Whether or not Warren's campaign takes off, the combination of privacy scandals, misinformation scares and charges of anti-conservative bias mean tech companies face antitrust action no matter who's in charge of Washington.
- Inside tech's corporate suites, executives foresee a wave of legal challenge, legislative inquiry, and regulatory action.
- Like the Trump White House, they will be required to cough up emails and internal documents, to send key personnel for further committee testimony, and to face potentially damaging leaks.
Flashback: Microsoft's antitrust fight with the feds two decades ago shows the kind of damage such an assault can wreak.
- A federal judge initially ordered Microsoft to split in two, with Windows and Office to be part of two separate companies. While that order was overturned on appeal, the combined effects of more limited regulation in the U.S. and prolonged scrutiny in Europe had a profound effect on the company's innovation in the ensuing years.
- Regulators in Europe and Korea for years forced Microsoft to offer versions that excluded Windows Media Player or allowed consumer to choose a default browser other than Internet Explorer.
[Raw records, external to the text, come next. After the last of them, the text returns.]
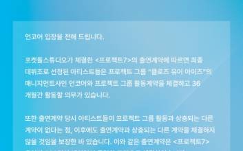JTBC ‘프로젝트7’ 최종 데뷔조 ‘클로즈 유어 아이즈’의 매니지먼트사가 출연계약 관련 공식입장을 내놨다. 16일 언코어는 클로즈 유어 아이즈 출연 계약 관련해 “포켓돌스튜디오가 체결한 ‘프로젝트7’의 출연 계약에 따르면 최종 데뷔조로 선정된 아티스트들은 프로젝트 그룹 클로즈 유어 아이즈의 매니지먼트사인 언코어와 프로젝트 그룹 활동계약을 체결하고 36개월간 활동할 의무가 있다”고 밝혔다. 이어 “출연계약 당시 아티스트들이 프로젝트 그룹 활동과 상충되는 다른 계약이 없다는 점, 이후에도 출연계약과 상충되는 다른 계약을 체결하지 않을 것임을 보장한 바 있다”며 “이와 같은 출연계약은 ‘프로젝트7’ 출연자 200명이 예외없이 동일한 조건으로 체결했다”고 설명했다. 언코어는 “하지만 포켓돌스튜디오는 아티스트들의 개별 활동에 관해 ‘프로젝트7’ 제작사에 사전에 고지했거나 제작사와 협의했으므로 이러한 활동이 허용된다고 주장하고 있다”며 “출연계약서의 해당 문구는 ‘프로젝트7’ 출연 이전에 불가피하게 계약을 체결한 경우 제작진과 협의 하에 해당 프로그램의 출연을 허락해서 아티스트들의 피해가 없도록 하는 조항이다. ‘프로젝트7’ 출연 중이나 그 이후에 최종 데뷔조 이외 다른 활동을 임의대로 해도 된다고 해석되는 계약이 아니며, 그럴 경우 명백한 계약 위반임을 말씀드린다”고 강조했다.이어 “나아가 포켓돌스튜디오는 ‘프로젝트7’ 제작사에게 아티스트들의 개별 활동 일정을 사전에 고지한 사실이 없고, 담당자가 일방적으로 요청했다 하더라도 제작사가 이를 허용한다는 의사를 전달한 사실이 없다”며 “‘클로즈 유어 아이즈’ 활동과 상충되는 아티스트들의 개별 활동은 출연계약을 위반하는 행위이며, 언코어는 손해배상을 포함한 책임을 물을 수밖에 없다”고 덧붙였다. <다음은 언코어(UNCORE) 입장 전문>언코어 입장을 전해 드립니다.포켓돌스튜디오가 체결한 <프로젝트7>의 출연계약에 따르면 최종 데뷔조로 선정된 아티스트들은 프로젝트 그룹 “클로즈 유어 아이즈”의 매니지먼트사인 언코어와 프로젝트 그룹 활동계약을 체결하고 36개월간 활동할 의무가 있습니다.또한 출연계약 당시 아티스트들이 프로젝트 그룹 활동과 상충되는 다른 계약이 없다는 점, 이후에도 출연계약과 상충되는 다른 계약을 체결하지 않을 것임을 보장한 바 있습니다. 이와 같은 출연계약은 <프로젝트7> 출연자 200명이 예외없이 동일한 조건으로 체결하였습니다.하지만 포켓돌스튜디오는 아티스트들의 개별 활동에 관해 <프로젝트7> 제작사에 사전에 고지했거나 제작사와 협의하였으므로 이러한 활동이 허용된다고 주장하고 있습니다. 출연계약서의 해당 문구는 <프로젝트7> 출연 이전에 불가피하게 계약을 체결한 경우 제작진과 협의 하에 해당 프로그램의 출연을 허락해서 아티스트들의 피해가 없도록 하는 조항입니다. <프로젝트7> 출연 중이나 그 이후에 최종 데뷔조 이외 다른 활동을 임의대로 해도 된다고 해석되는 계약이 아니며, 그럴 경우 명백한 계약 위반임을 말씀드립니다.나아가 포켓돌스튜디오는 <프로젝트7> 제작사에게 아티스트들의 개별 활동 일정을 사전에 고지한 사실이 없고, 담당자가 일방적으로 요청했다 하더라도 제작사가 이를 허용한다는 의사를 전달한 사실이 없습니다.“클로즈 유어 아이즈” 활동과 상충되는 아티스트들의 개별 활동은 출연계약을 위반하는 행위이며, 언코어는 손해배상을 포함한 책임을 물을 수밖에 없습니다.특히 공정성이 중요한 공개 오디션에서 처음 시작 시점과 달라진 포켓돌스튜디오의 별도 요구에 대해 협의하는 것은 198명의 다른 참가자와 그 가족들 및 관계자들에게는 공정성의 훼손이며, 모든 관련자들에게 직간접적인 피해를 준다는 점 말씀드립니다다수의 오디션 프로그램 제작과 아티스트 매니지먼트를 담당한 경험이 있는 포켓돌스튜디오는 “클로즈 유어 아이즈”가 실제로 데뷔에 이르기까지 얼마나 많은 노력과 시간이 투입되어야 하는지, 데뷔를 앞둔 아티스트들의 개별 활동이 “클로즈 유어 아이즈”의 향후 활동에 얼마나 중대한 영향을 미칠지 잘 알고 있을 것이라 생각합니다.“클로즈 유어 아이즈”의 일원으로 성공적인 활동을 이어가고 싶은 아티스트 본인의 의지와 부모님들의 바람, 팬들의 성원에 귀 기울여 주시기 바랍니다. 수익을 분배 받는 포켓돌스튜디오의 이익에도 부합하는 만큼, “클로즈 유어 아이즈” 활동에 전념할 수 있도록 적극적으로 협조하여 주실 것을 다시 한 번 요청 드립니다.박세연 기자 psyon@edaily.co.kr
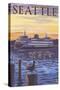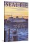 Ferry Sunset and Gull - Seattle, WA Wall Art Print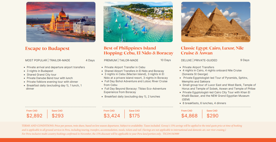 This month only, enjoy incredible savings on unforgettable adventures worldwide! Explore the ancient wonders of Peru, unwind in tropical paradises like Tahiti and Bora Bora, discover cozy mountain escapes in Switzerland and more.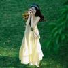 Summer 2025 Women's Petite Seaside Apricot Spaghetti Strap Maxi Dress
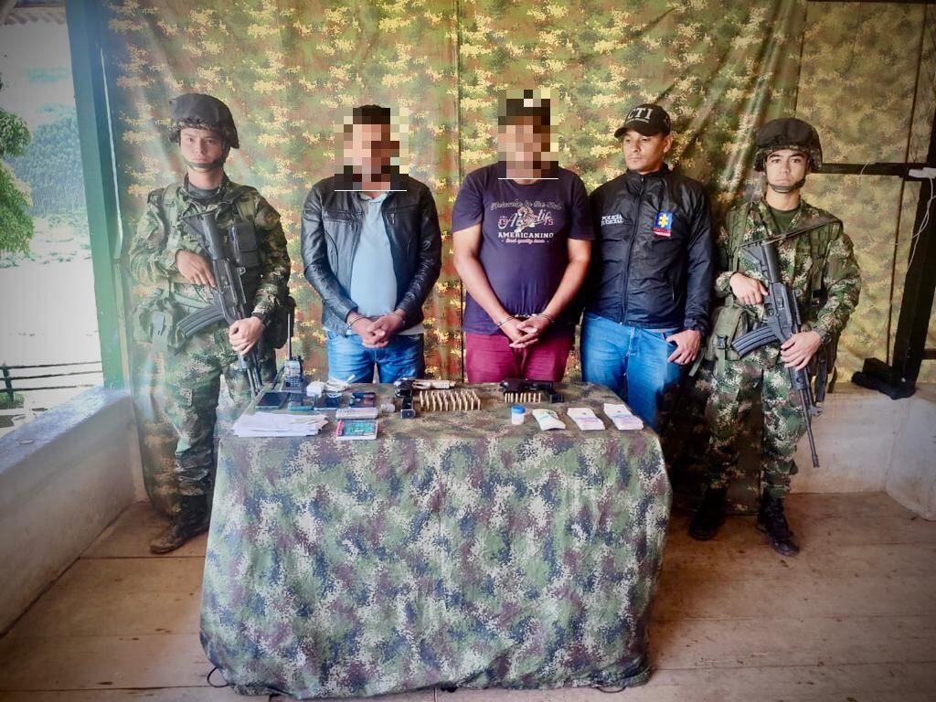 Los judicializados fueron ubicados en la vereda El Silencio y también tenían 15 millones de pesos en efectivo.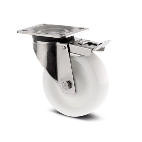 TENTE Zwenkwiel RVS nylon 200 8NO plaat met rem
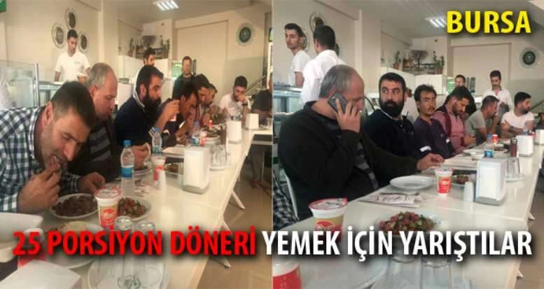 Yarışmacılar 25 porsiyon döner yemek için çalıştı. Birinci olan kişi 15 porsiyonda kalmasına rağmen; işyeri sahibi finali göğüsleyen bu yarışmacıyı ödüllendirdi. Nilüfer'in Üçevler Mahallesi'nde faaliyet gösteren Dönerci Abdullah Usta, müşterilerinin talebi üzerine döner yeme yarışması düzenledi. İş yeri sahibi 25 porsiyon döner yiyene Cumhuriyet altını verileceğini açıkladı. 11 kişinin katıldığı yarışmada yarışmacılar 45 dakika içerisinde 2.5 kilo eti yemek için yarıştı. Yarışma esnasında süre 40 dakika daha uzatıldı. Eğlenceli anların yaşandığı yarışmaya katılanlar 400 gram ile 1.5 kilo arasında döner yedi. Yarışmanın birincisi Özer Taş, ikincisi ise Sedat Ceylan oldu. Yarışmada birinci olan Özer Taş, “Daha önce 2 kilo civarında yediğim olmuştu. Bugün biraz midem rahatsızdı, ama ona rağmen 15 porsiyon yedim. Birinci olmak güzeldi. Abdullah Usta’nın döneri çok güzel. Herkese tavsiye ederim” dedi. Yarışmanın ikincisi Sedat Ceylan ise, diyette olmasına rağmen yarışmaya katıldığını ifade ederek, “Daha önce hiç bu kadar et yememiştim. Abdullah Usta’nın döneri çok güzel. Eğlenceli bir yarışma oldu. Bir daha daha iddialı hazırlanacağım” diye konuştu. Dönerci Abdullah Yavuz ise, “Müşterilerimizden gelen talep üzerine böyle bir yarışma tertip ettik. Gerçekten çok keyifli oldu. Bu yarışmada cumhuriyet altınını vaad ettik. Bundan sonraki yarışmalarda çok sürprizlerimiz olacak. İnşallah bir dahakine daha çok finalist olur” şeklinde konuştu. Dönerci Abdullah Yavuz, yarışma şartlarını yerine getiremese de birinci olan yarışmacıyı altınla ödüllendirdi.

- Lawyers became part of the software development process, and the company cautiously separated its products at a time when Google and Apple were further integrating software, hardware and services on new mobile platforms.
IBM fought a similar epic federal antitrust suit from 1969 to 1982, ultimately prevailing. In both instances, the targeted companies found themselves focused on their legal quandaries and missed the next turn of the industry wheel.
- Antitrust action pinioned these tech Gullivers while new competitors in new kinds of businesses stole their initiative — Microsoft and the PC industry rose on IBM's turf, and Google and Facebook later emerged on Microsoft's.
- Intel, by contrast, cemented its dominant share of the personal computer chip market by playing along with regulators instead of fighting them. Intel's aggressive marketing skated right up to the line, but whenever a regulator balked, the firm settled. (It did miss out on mobile, though, creating a whole new set of headaches.)
The bottom line: No tech giant has ever been split up by courts, regulators or legislators.
- The breakup of AT&T in the '80s was a different story, since the telephone giant was a tightly regulated, quasi-public utility.
- You have to go all the way back to the vivisection of John D. Rockefeller's Standard Oil a century ago for an example of a large-scale government-ordered antitrust breakup in the U.S.
Be smart: For antitrust advocates, the corporate breakup endgame may not matter if, even without such a dramatic outcome, they can still achieve a key goal — ensuring that dominant incumbents can't squash or swallow the next wave of tech innovation.